§ Exercise:
The material below includes pictures; leave them out and return only the lines between the line containing "Пользуюсь этой встроенной" and the line containing "ANRABESS Women's Wide", inclusive, word for word.

§ Data records:
= Beginning of Section =
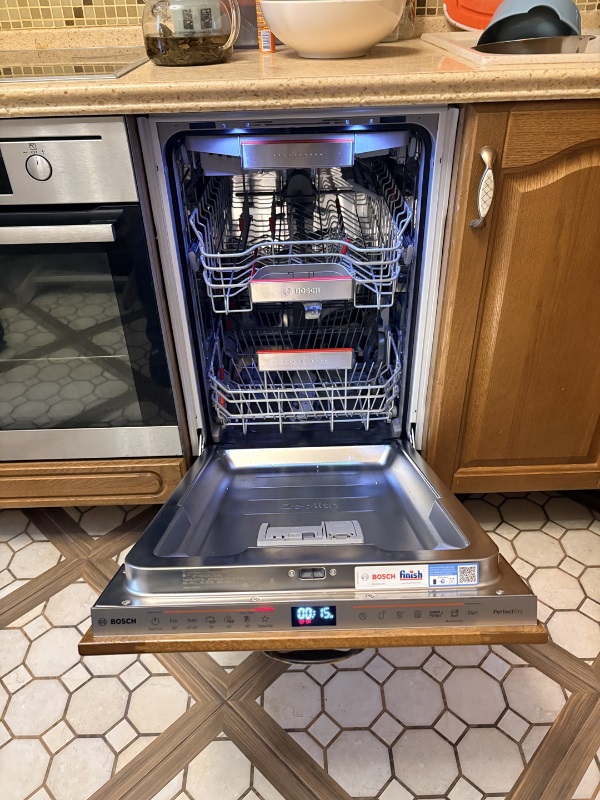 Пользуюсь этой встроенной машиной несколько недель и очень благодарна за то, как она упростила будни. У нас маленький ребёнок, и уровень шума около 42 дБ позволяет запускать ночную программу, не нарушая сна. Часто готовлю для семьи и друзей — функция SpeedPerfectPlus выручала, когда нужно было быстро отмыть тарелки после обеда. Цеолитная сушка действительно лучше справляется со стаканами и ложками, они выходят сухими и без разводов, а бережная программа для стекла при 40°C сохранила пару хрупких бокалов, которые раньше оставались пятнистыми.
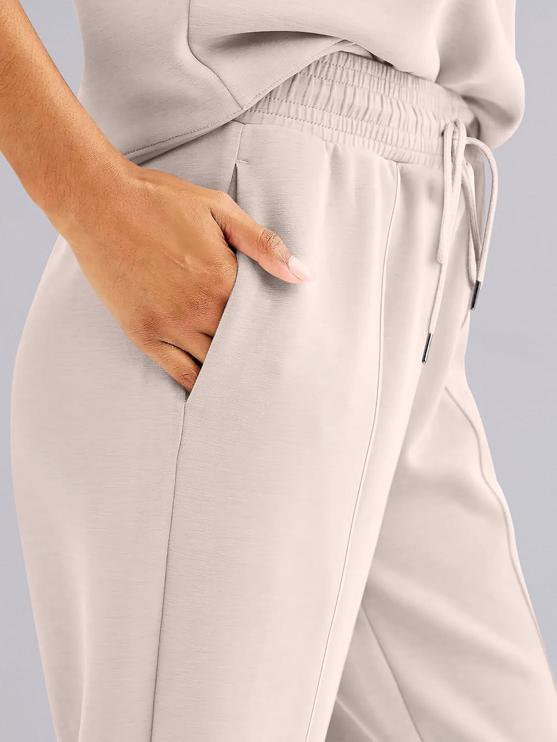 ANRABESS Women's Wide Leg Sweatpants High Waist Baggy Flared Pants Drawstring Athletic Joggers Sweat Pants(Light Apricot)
= End of Section =
= Beginning of Section =
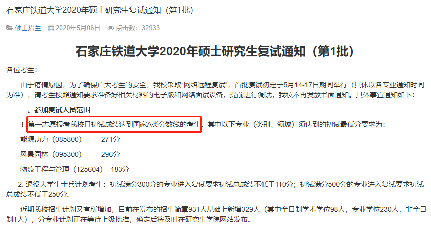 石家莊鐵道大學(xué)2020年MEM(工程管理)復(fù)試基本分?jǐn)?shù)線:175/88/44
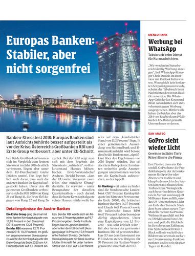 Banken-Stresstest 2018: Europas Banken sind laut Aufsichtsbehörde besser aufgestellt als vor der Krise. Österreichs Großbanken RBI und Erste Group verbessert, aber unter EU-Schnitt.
= End of Section =
§ Solution to the exercise:
 Пользуюсь этой встроенной машиной несколько недель и очень благодарна за то, как она упростила будни. У нас маленький ребёнок, и уровень шума около 42 дБ позволяет запускать ночную программу, не нарушая сна. Часто готовлю для семьи и друзей — функция SpeedPerfectPlus выручала, когда нужно было быстро отмыть тарелки после обеда. Цеолитная сушка действительно лучше справляется со стаканами и ложками, они выходят сухими и без разводов, а бережная программа для стекла при 40°C сохранила пару хрупких бокалов, которые раньше оставались пятнистыми.
 ANRABESS Women's Wide Leg Sweatpants High Waist Baggy Flared Pants Drawstring Athletic Joggers Sweat Pants(Light Apricot)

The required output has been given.